Africa Gets Its Own Web Address (bbc.com)
Africa now has the unique web address .africa, equivalent to the more familiar .com, following its official launch by the African Union. From a report on BBC: AU commission chairperson Nkosazana Dlamini Zuma hailed its creation as the moment when Africa "got [its] own digital identity." The AU says the .africa domain name will "bring the continent together as an internet community." Addresses can now reflect a company's interest in the whole of Africa. For example, a mobile phone company could create mobile.africa to show its Africa-wide presence, or a travel company could set up travel.africa.
Equivalent to .com? What, we can't say TLD here? Slashdot: catering to the LCD :(
Time to register imisstherainsdownin.africa
I wish them luck, but I'm not sure it makes a lot of sense to be creating yet another top-level domain.
For example, a mobile phone company could create mobile.africa to show its Africa-wide presence, or a travel company could set up travel.africa.
So they'll sell off a few hundred generic words to speculators, but I predict few others will be buying in. Many of the new gTLDs created over the past couple of years are either shutting down, or jacking up domain prices into the multi-hundred dollar per year range just to stay in operation. Keeping a TLD alive isn't cheap, and it turns out there's not much demand for all of this namespace after all. When you can't amortize your TLD's infrastructure cost across millions of customers, you wind up having to price each domain so high that nobody's going to buy one.

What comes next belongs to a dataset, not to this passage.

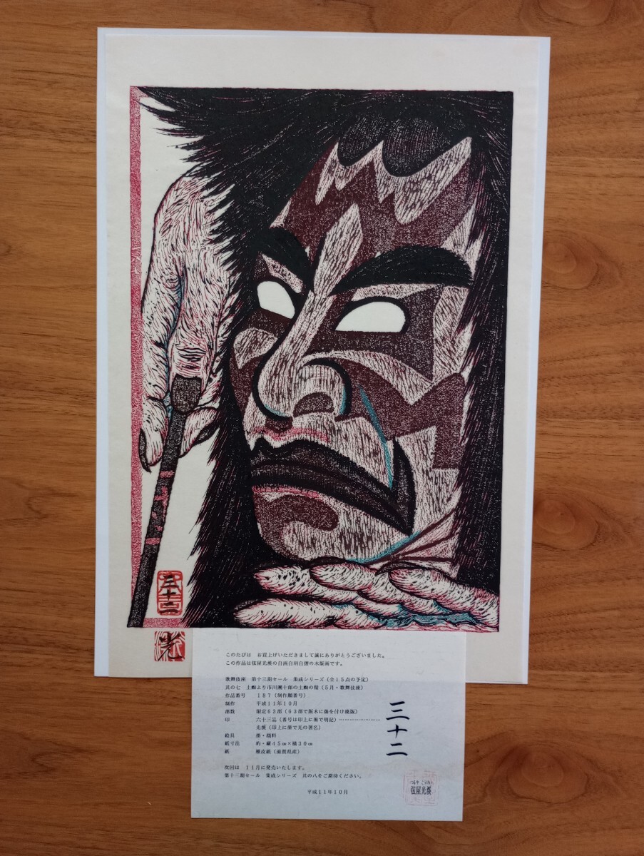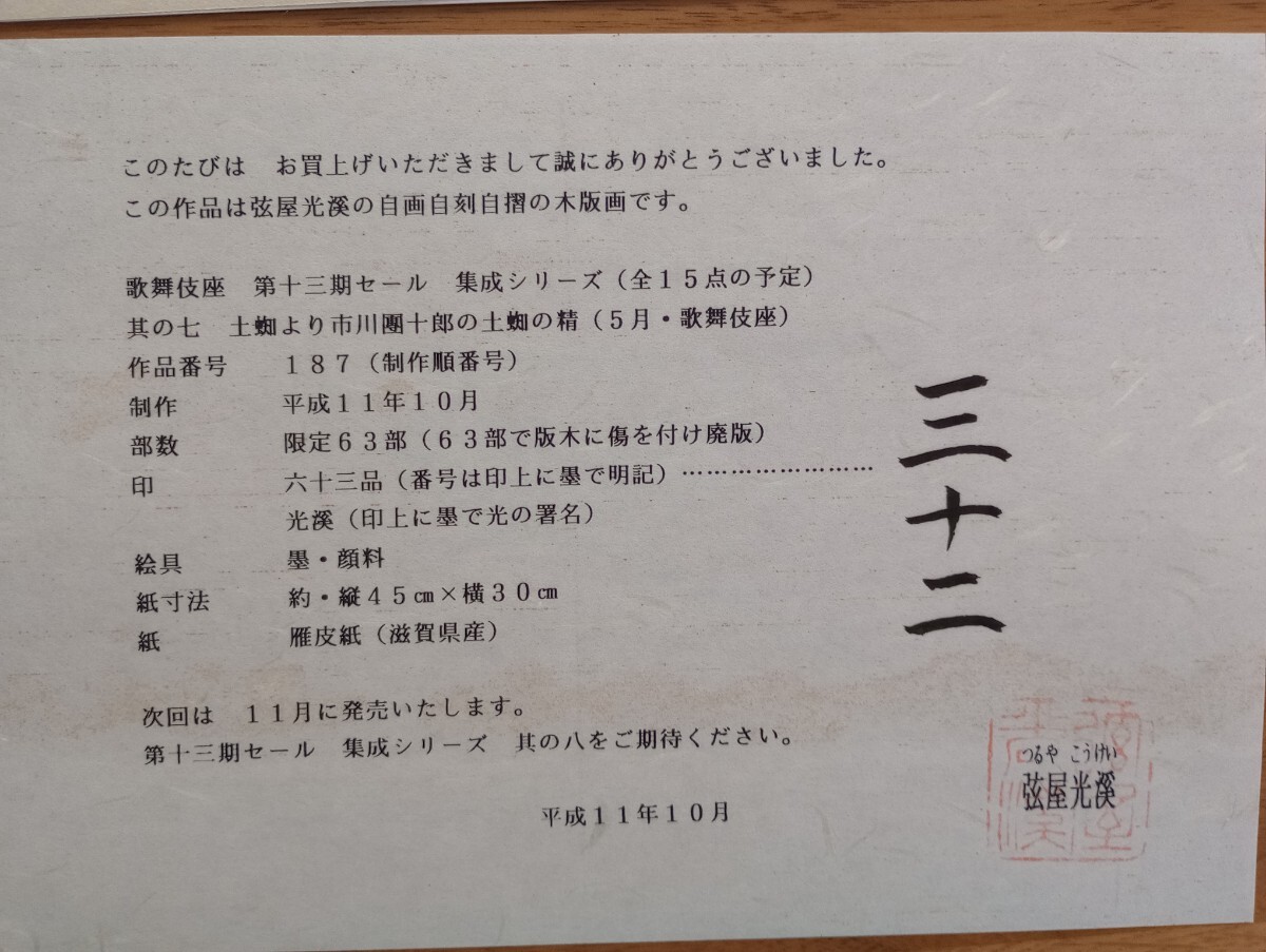 【真作】作品番号 187 作品名 「土蜘」より十二世市川團十郎の土蜘の精 シリーズ 第十三期集成シリーズの7 限定部数 63 制作年 1999/10 使用印 六十三品(印43)・光溪(印42) 紙寸法 47.5×31.5cm・(絵画部分)40.0×28.0cm 使用紙 近江雁皮紙(滋賀県産) 使用版木 朴 対象舞台 歌舞伎座「土蜘」1999年5月 販売場所 歌舞伎座内、1999年10月15日~26日 返品返金について ■こちらは真作ですが、万が一、公定鑑定人または公定鑑定機関により真作でないと判断された場合には、落札代金と送料を全額返金させていただきます。 ■該当商品の返送、鑑定書または作家の署名・捺印・日付の入った書面のご提出をお願いいたします。 (画廊・第三者・個人による鑑定は保証対象外となります。) ■返品に際しては、出品時の画像および発送時と同一の状態であることが条件となります No. 187 Title Ichikawa Danjuro XII as the spirit of the spider in Series title Culminant Series XIII (Design 7) Edition 63 Date 1999/10 Seal (Seal 43); (Seal 42) Dementions 47.5×31.5cm・(絵画部分)40.0×28.0cm Paper Omi Ganpi paper (made in Shiga Prefecture) Woodblock Magnolia Obovata Subject performed at the Kabuki-za, 1999/5 Sales location Kabuki-za; 1999/10/15 to 26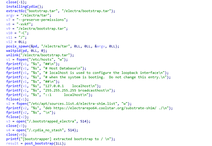 Le code ci-dessus montre Electra qui configure le fichier /etc/hosts et certains repos pour Cydia.

"If there was a gay Afro-Puertorican Linux distribution, I'd give it a try" ~lucm
That would be I *bless* the rains down in Africa.
Africa didn't get its own web address. Some company registered the Africa Top Level Domain (TLD). This company has total control over the TLD and likely has no relationship to the continent or any of the countries in it. In all likelyhood the registrant for the TLD is a European or American company hoping to make big bucks charging people to use the TLD. In 10 years 99.999999999% of the domains on this TLD will not even involve an African company or individual.